でも、いかにすごい人だったかを知ったのは、ザルツブルグに滞在していた時。日本人の私を見つけて英語で話しかけてきた現地のおじいちゃんがいたんです。カタギリを知っているか、と。びっくりしましたが、来月会う、と伝えると手紙を託されました。ミキオに渡してくれ、と。この時は、自分が日本人であることが、とても嬉しくなりましたね。
ウインタービジネスは厳しい環境にありますが、そんななかでも片桐さんは思い切った投資を続けられています。スキー用品のメーカーである我々にとっては、本当にありがたい、かけがえのないパートナーなんです。
手ぶらでスキー場に行っても滑れる、というサロモン・ステーションがスタートしたのは、2014年。お互いに社長になった年でした。まさに野沢温泉は、このコンセプトにぴったりの場所です。サロモンは、初めての方でもうまく滑れる、初めての方用のスキーも開発したりしていますが、リゾートとのつながりはモノを売るのと同じくらい大切になっています。
しっかりしたリゾートとタッグを組んでもらえるのは、本当にありがたいこと。これからも、ビジネスパートナーとして長いお付き合いをよろしくお願いいたします。
野沢温泉代表取締役社長 片桐幹雄が語る、岸野 博
全日本スキー連盟のコーチを長くやっていましたから、おそらくそこで出会ったんだと思います。最初を覚えてないんですよ(笑)。その後、大きなスキーブームをつくってくれたのが、岸野さんたち。何かやれば、新しいことが起こる。そんな夢を追える時代でした。
とにかくスキーが好きな人、という印象があります。その思いが誰よりも強い。野沢温泉に来る時は、いろんな人を連れてきたりしてくれる。でも、仕事の話より、いつもスキーの話をしていますね(笑)。
スキー場は今、とてもグローバル化していて、世界を標準にして考えていかないといけないんです。でも、ヨーロッパに比べて日本はかなり遅れてしまっている。だから、岸野さんと手を取りあってもっともっと頑張らないといけない。パウダースノーや自然が楽しめるロケーションなど、日本の強みもあるんです。グローバルな視点からスキーを見ていくという点で、とても大切な仲間です。
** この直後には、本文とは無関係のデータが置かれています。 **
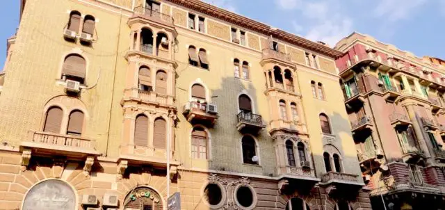 A cette époque, il y a aussi un élément décisif: la percée du canal de Suez (de 1859 à 1869). Cette initiative (française) permet de relier la Méditerranée et la Mer Rouge et donc de faciliter le commerce avec l'Asie et la route de l'Inde. Un jour je me pencherai peut-être sur la question du canal de Suez; Pour le moment, il faut garder en tête que cette construction et ce nouveau passage va donner une place de choix à l'Egypte dans le commerce européen. Le nouveau quartier dans la capitale va donc accueillir des personnes fortunées locales et étrangères. C'est d'ailleurs la crise de Suez (à partir de 1951) qui va vider l'Egypte des expatriés et donc vider aussi une partie du quartier.
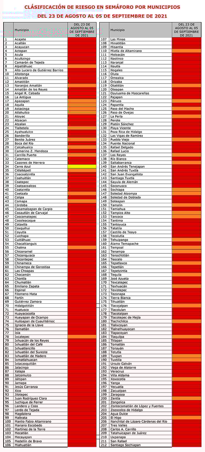La Secretaría de Salud del Gobierno federal confirmó que Veracruz seguirá en semáforo epidemiológico naranja durante el regreso a clases presenciales, a menos que las autoridades tomen otra determinación ante el retorno programado para el 30 de agosto.

スキーを楽しく滑ること、この楽しいスポーツを日本中に広めるために、いろんなことをやっている。すべてそこにリンクする。もちろん、ビジネスも大事なんだと思いますが、ビジネスから始まらない。心が熱い人なんです。
私が親しくしていた元教え子で、彼の会社の社員が2年前に亡くなったことがあったんですが、その時も社長自ら先頭に立って、しっかり気持ちを込めて対応していて。形だけで済ましたりしない、とても彼らしいなと思いました。
今後もこの業界のリーダーとして、日本を引っ張ってもらいたいと思っています。
Hiroshi Kishino(右)
1959年生まれ。青山学院大学卒業後、サロモンスポーツ販売入社。2003年アメアスポーツジャパン入社。サロモン事業部長を経て、’14年より現職。
Mikio Katagiri(左)
1955年生まれ。オーストリアで学び、アルペンスキーの滑降(ダウンヒル)で2度冬季五輪出場。その後、全日本チームの監督を務めた。2014年より現職。